CIDR Notation Explained: /24, /16, /8 Made Simple

CIDR notation is the compact shorthand that tells routers and network devices exactly how large a network is — and once you understand it, those mysterious slash numbers like /24, /16, and /8 stop looking like typos and start making perfect sense. Whether you're configuring your home router, setting up a guest network, or just trying to understand what your ISP means by a "subnet mask," CIDR notation explained simply is the networking skill that unlocks everything else.

In this guide you'll learn exactly what CIDR notation means, how to read those slash numbers at a glance, and how subnet sizes affect your everyday home network. Understanding subnets pairs naturally with knowing what an IP address actually is and how your router hands them out via DHCP — so by the end you'll have a solid mental model of how your entire local network is organized.

What Is CIDR Notation and How Does It Work?

CIDR stands for Classless Inter-Domain Routing, a system introduced in 1993 to replace the older "classful" networking model and slow the exhaustion of IPv4 addresses. The notation itself is beautifully simple: you write an IP address, add a forward slash, and then write a number between 0 and 32. That number — called the prefix length — tells you how many of the 32 bits in an IPv4 address are "locked" to identify the network, leaving the rest to identify individual devices. So 192.168.1.0/24 means the first 24 bits identify the network and the last 8 bits are available for hosts.

To picture this concretely, think of an IP address as a 32-bit binary number divided into four groups of eight bits (called octets). The number after the slash tells you how many bits from the left are the "network part." A /24 locks the first three octets (192.168.1), leaving the fourth octet free — giving you 256 possible addresses, of which 254 are usable by devices (two are reserved: the network address and the broadcast address). This is exactly the subnet your home router uses almost every time you buy one off the shelf.

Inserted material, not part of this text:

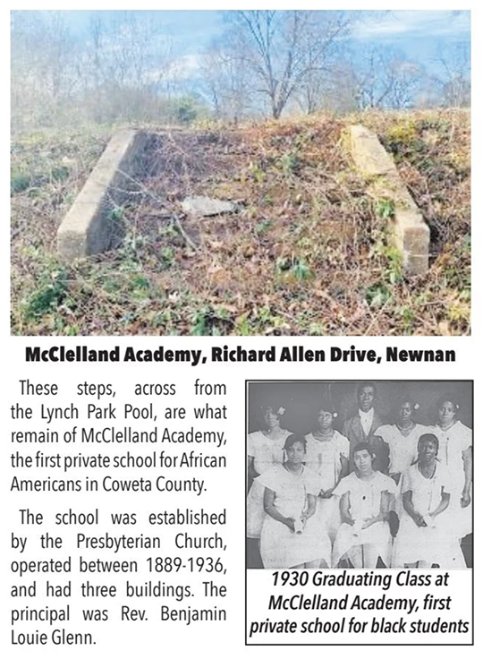 These steps, across from the Lynch Park Pool, are what remain of McClelland Academy, the first private school for African Americans in Coweta County. The school was established by the Presbyterian Church, operated between 1889 – 1936, and had three buildings. The principal was Rev. Benjamin Louie Glenn.

A /16 locks only the first two octets, freeing up two full octets for hosts. That means 65,536 total addresses (65,534 usable) — the kind of range a mid-sized business or a large office building might use. Go further to a /8 and you've locked just the first octet, opening up roughly 16.7 million addresses. The famous 10.0.0.0/8 block is one of the three private address ranges reserved by IANA for use inside private networks like corporate intranets.

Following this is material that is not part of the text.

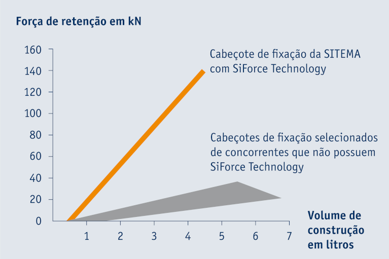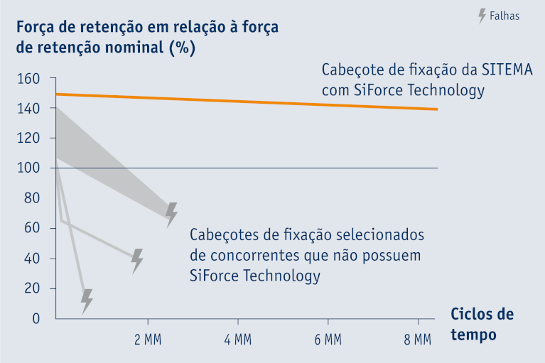 Nas fixações autorreforçadas com SiForce Technology, também são utilizadas molas. No entanto, elas possuem uma força muito menor em comparação com a força de retenção e servem apenas para posicionar corretamente o sistema de fixação de forma segura. Elas não intervêm na geração da força de retenção. Deste modo, o sistema de fixação quase não é carregado quando é simplesmente fixado e, quando a carga é aplicada, ele é carregado apenas com a força do peso. Portanto, os cabeçotes de fixação com SiForce Technology alcançam uma vida útil significativamente mais longa do que as fixações acionadas por mola sem essa tecnologia.
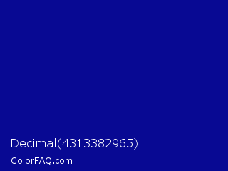Decimal 4313382965 Color is a dark blue color and the nearest color is Ultramarine #120a8f. Hex code #080993 and RGB value is rgb(8,9,147). In RGB color space, this color is composed of 3% red, 4% green, 58% blue, In CMYK color space, this color is composed of 95% cyan, 94% magenta, 0% yellow , 42% black , In HSL color space, this color has a hue angle of 240° , 90% saturation and 30% lightness.

Before CIDR, networks were grouped into rigid "Class A," "Class B," and "Class C" blocks, which wasted enormous numbers of addresses. A company needing 300 hosts had to claim an entire Class B network with 65,000 addresses just because Class C only held 254. CIDR eliminated that waste by letting administrators define exactly the size of network they need — a concept called variable-length subnet masking (VLSM). Today, CIDR notation appears everywhere: router admin pages, firewall rules, ISP allocation tables, and cloud security groups.

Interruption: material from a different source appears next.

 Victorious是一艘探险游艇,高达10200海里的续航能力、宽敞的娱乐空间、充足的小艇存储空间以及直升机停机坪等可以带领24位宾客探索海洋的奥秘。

How to Read Any CIDR Block in Five Steps

Follow these steps and you'll be able to decode any CIDR address in seconds, no binary math required.

1. Identify the prefix length — Look at the number after the slash. This is your prefix length (e.g., /24). It tells you how many bits are "network bits." The remaining bits (32 minus the prefix) are the "host bits" available for individual devices.
2. Calculate the number of host addresses — Raise 2 to the power of the host bits. For a /24, that's 2⁸ = 256 total addresses, or 254 usable after subtracting the network and broadcast addresses. For a /16, it's 2¹⁶ = 65,536 (65,534 usable).
3. Find the subnet mask — Convert the prefix length to a traditional dotted-decimal subnet mask by filling the first N bits with 1s and the rest with 0s. A /24 becomes 255.255.255.0; a /16 becomes 255.255.0.0; a /8 becomes 255.0.0.0. Your router's admin panel often shows this mask alongside the CIDR prefix.
4. Determine the network address — The network address is the IP with all host bits set to zero. For 192.168.5.75/24, the network address is 192.168.5.0. This address is reserved — no device can be assigned it. You can confirm your network address by checking your router's LAN IP settings.
5. Find the broadcast address — The broadcast address is the IP with all host bits set to one. For 192.168.5.0/24, the broadcast address is 192.168.5.255. This address is also reserved and is used to send a message to every device on the subnet simultaneously, which is how ARP requests work.

Common CIDR Blocks at a Glance

This table covers the CIDR prefixes you'll encounter most often, from the tiny /30 blocks used on point-to-point router links all the way up to the massive /8 blocks assigned to large organizations.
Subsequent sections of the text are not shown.